Final answer:
To prove that K5 and K3,3 are non-planar using Euler's formula, we substitute the number of vertices and edges into the formula to find the number of faces. For K5, we get 7 faces, which is more than the 5 vertices it has, making it non-planar. For K3,3, we get 5 faces, which is more than the 6 vertices it has, also making it non-planar.
Step-by-step explanation:
Euler's formula states that for any planar graph with v vertices, e edges, and f faces, the relationship v - e + f = 2 holds. In order to prove that K5 and K3,3 are non-planar using Euler's formula, we need to show that they violate this relationship.
For K5:
K5 is the complete graph with 5 vertices, meaning that every vertex is connected to every other vertex. In this case, we have v = 5 and e = 10 (since each vertex is connected to 4 other vertices).
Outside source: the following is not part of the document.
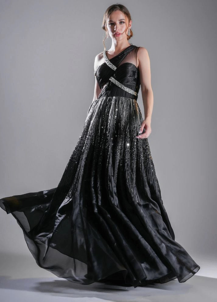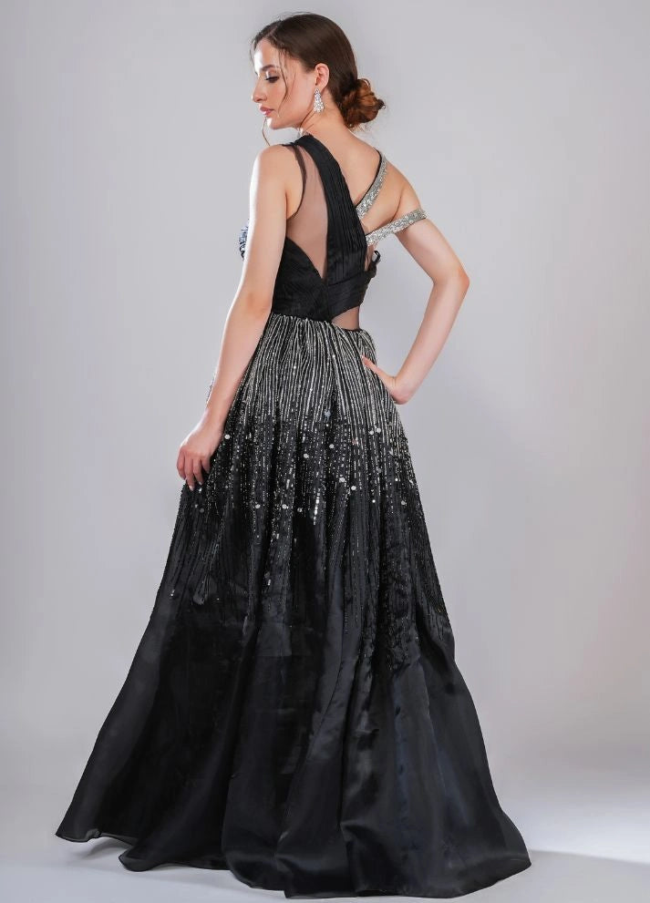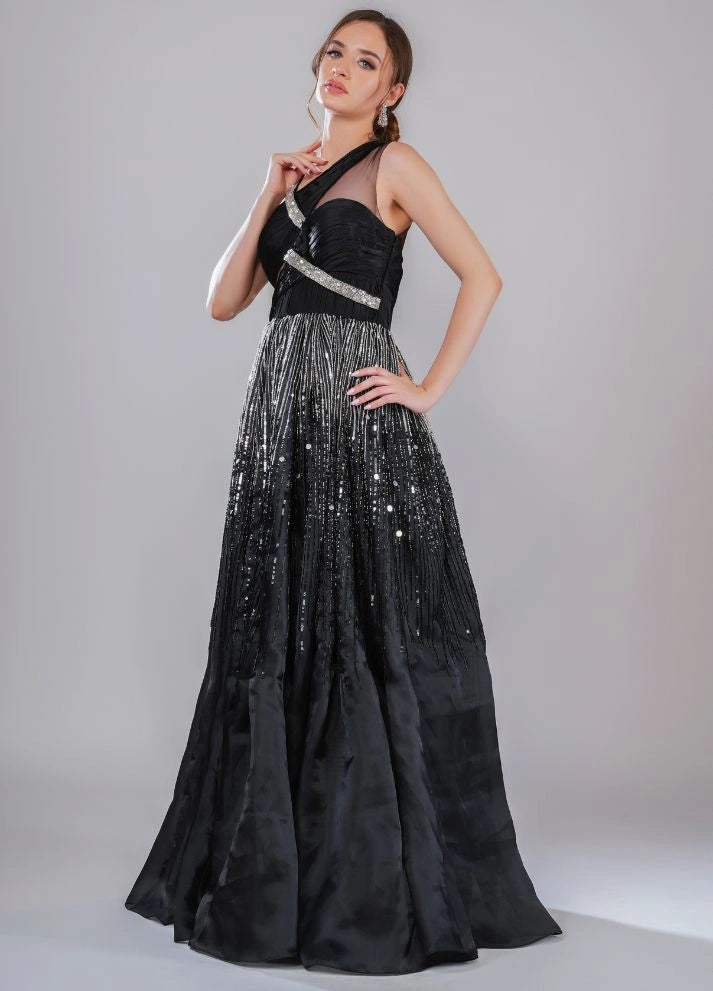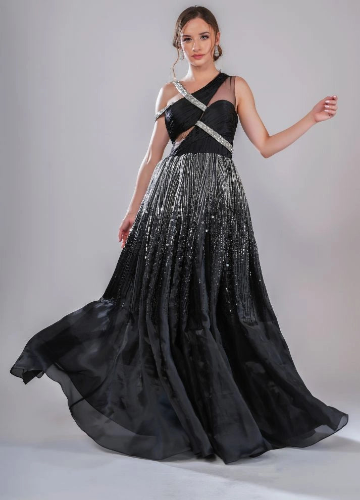 A black gown featuring an asymmetrical neckline with interwoven straps and a voluminous pleated skirt. The ombre effect from shimmering silver to deep black is filled with glistening beads and sequins, making it a thought-provoking statement piece.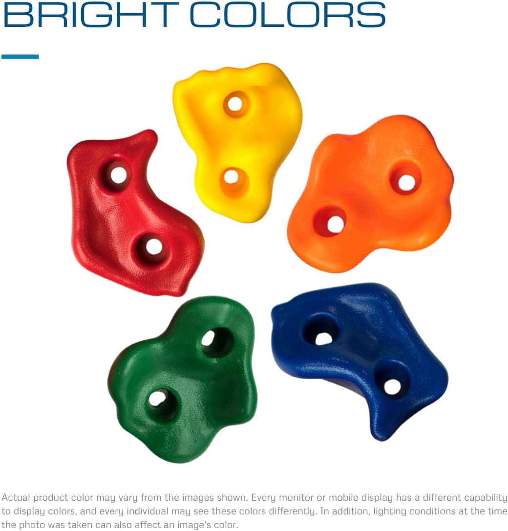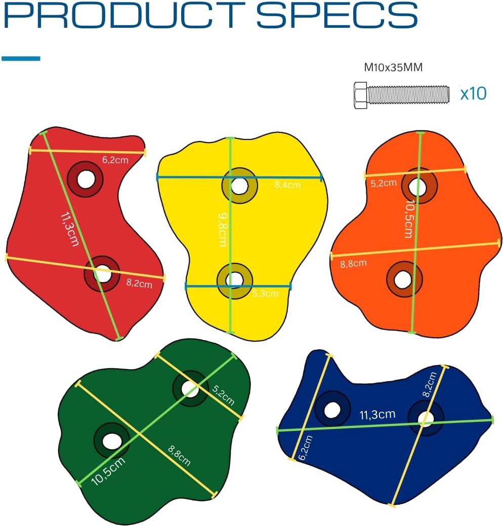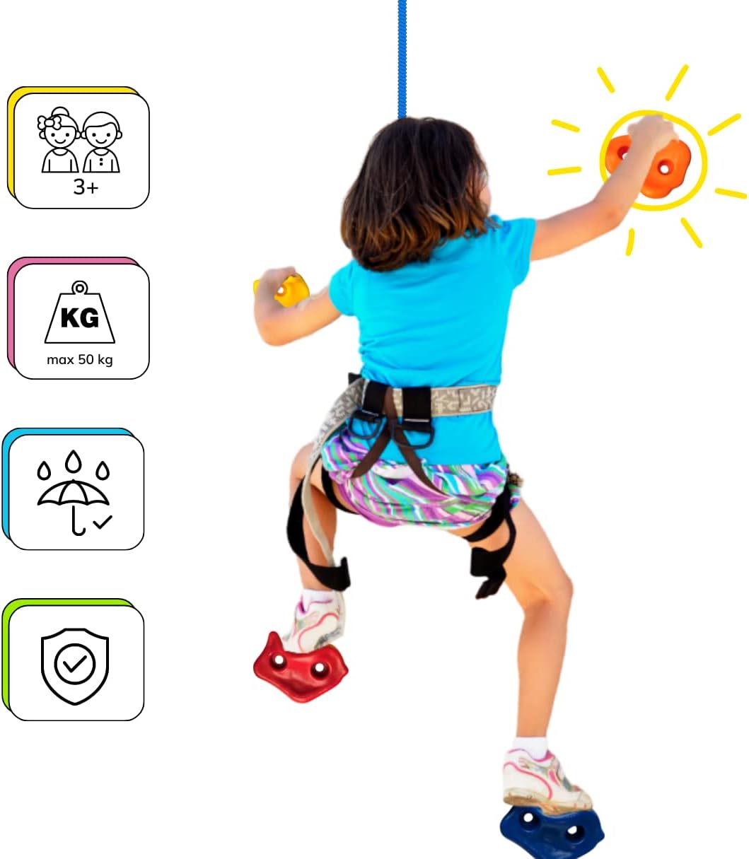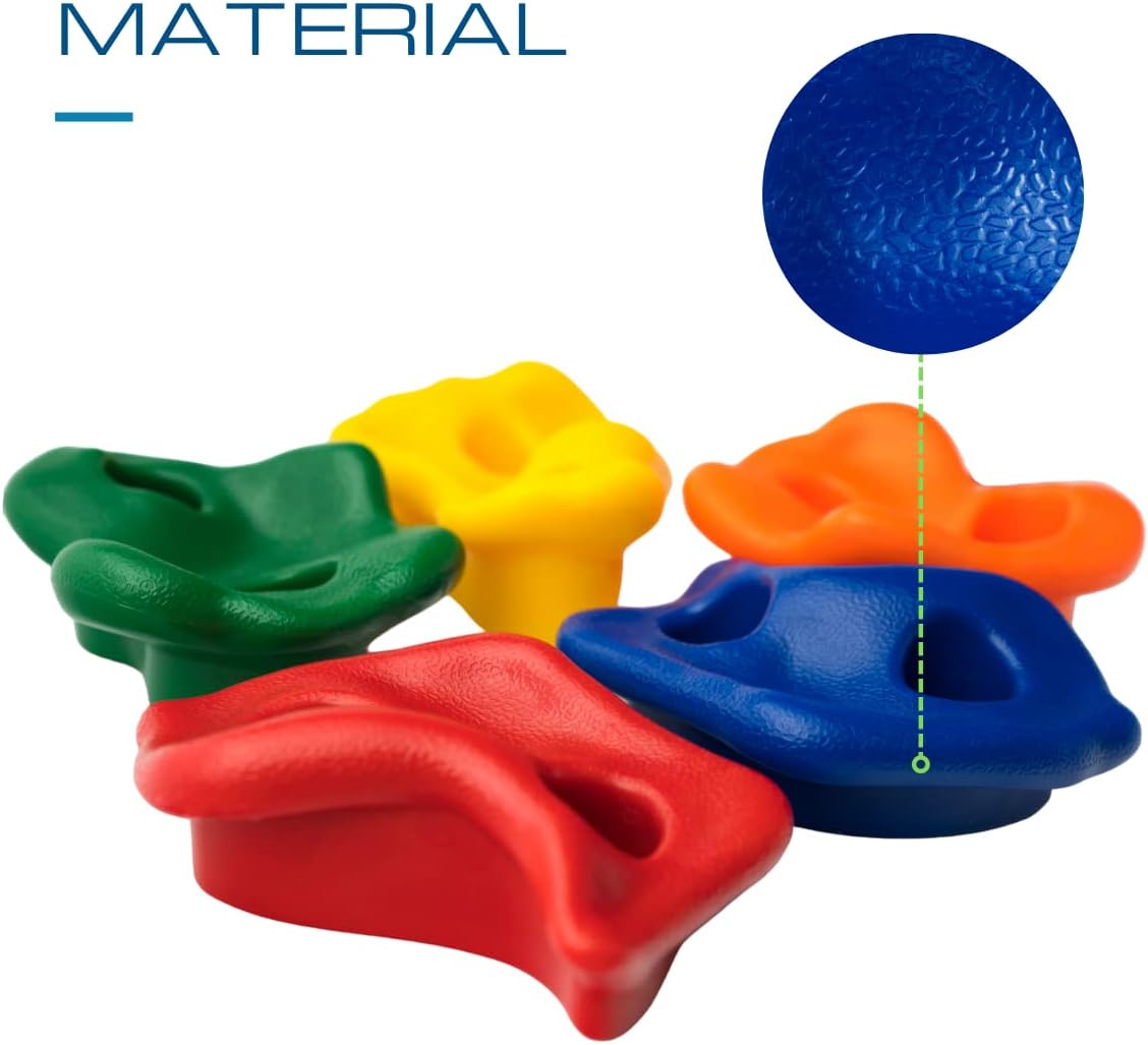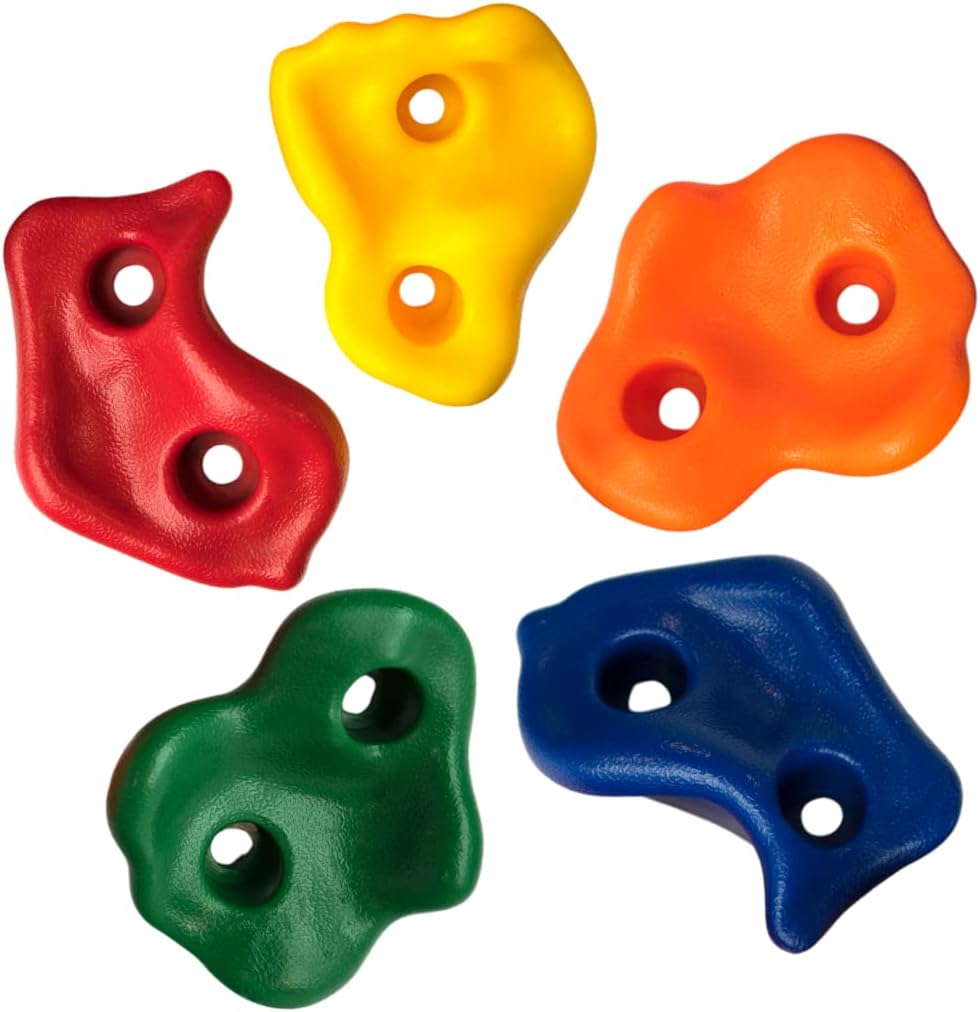 [PROMUOVE L'ATTIVITÀ E IL DIVERTIMENTO] - Le nostre pietre da arrampicata resistenti agli agenti atmosferici realizzate in robusta plastica offrono ai bambini un'emozionante avventura di gioco e stimolano la loro attività fisica e coordinazione. [DESIGN VERSATILE PER LA CREATIVITÀ] - Il set comprende 5 prese da arrampicata colorate di diverse forme e dimensioni, che possono essere montate su qualsiasi parete. I bambini possono creare la propria parete da arrampicata e affrontare costantemente nuove sfide. [LA SICUREZZA PRIMA] - Le nostre pietre da arrampicata sono accuratamente testate e forniscono una presa sicura. I genitori possono rilassarsi mentre i bambini rafforzano i muscoli e acquisiscono sicurezza attraverso il gioco. [DIVERTIMENTO INTERNO ED ESTERNO] - In giardino, nella stanza dei bambini o nel parco giochi, queste prese da arrampicata sono perfette per uso interno ed esterno. I bambini possono arrampicarsi e giocare tutto l'anno. [VALORE EDUCATIVO] - Il nostro kit da arrampicata non solo promuove lo sviluppo fisico, ma anche la creatività e le capacità di risoluzione dei problemi dei bambini. Un regalo ideale per avventurieri giovani e attivi!

Substituting these values into the Euler's formula, we have: 5 - 10 + f = 2. Solving for f, we get f = 7. However, K5 only has 5 vertices, which means it cannot have 7 faces. Therefore, K5 is non-planar.
For K3,3:
K3,3 is the complete bipartite graph with 3 vertices in each partition, meaning that every vertex in one partition is connected to every vertex in the other partition. In this case, we have v = 6 and e = 9 (since each vertex in one partition is connected to all the vertices in the other partition). Substituting these values into the Euler's formula, we have: 6 - 9 + f = 2. Solving for f, we get f = 5. However, K3,3 only has 6 vertices, which means it cannot have 5 faces. Therefore, K3,3 is non-planar.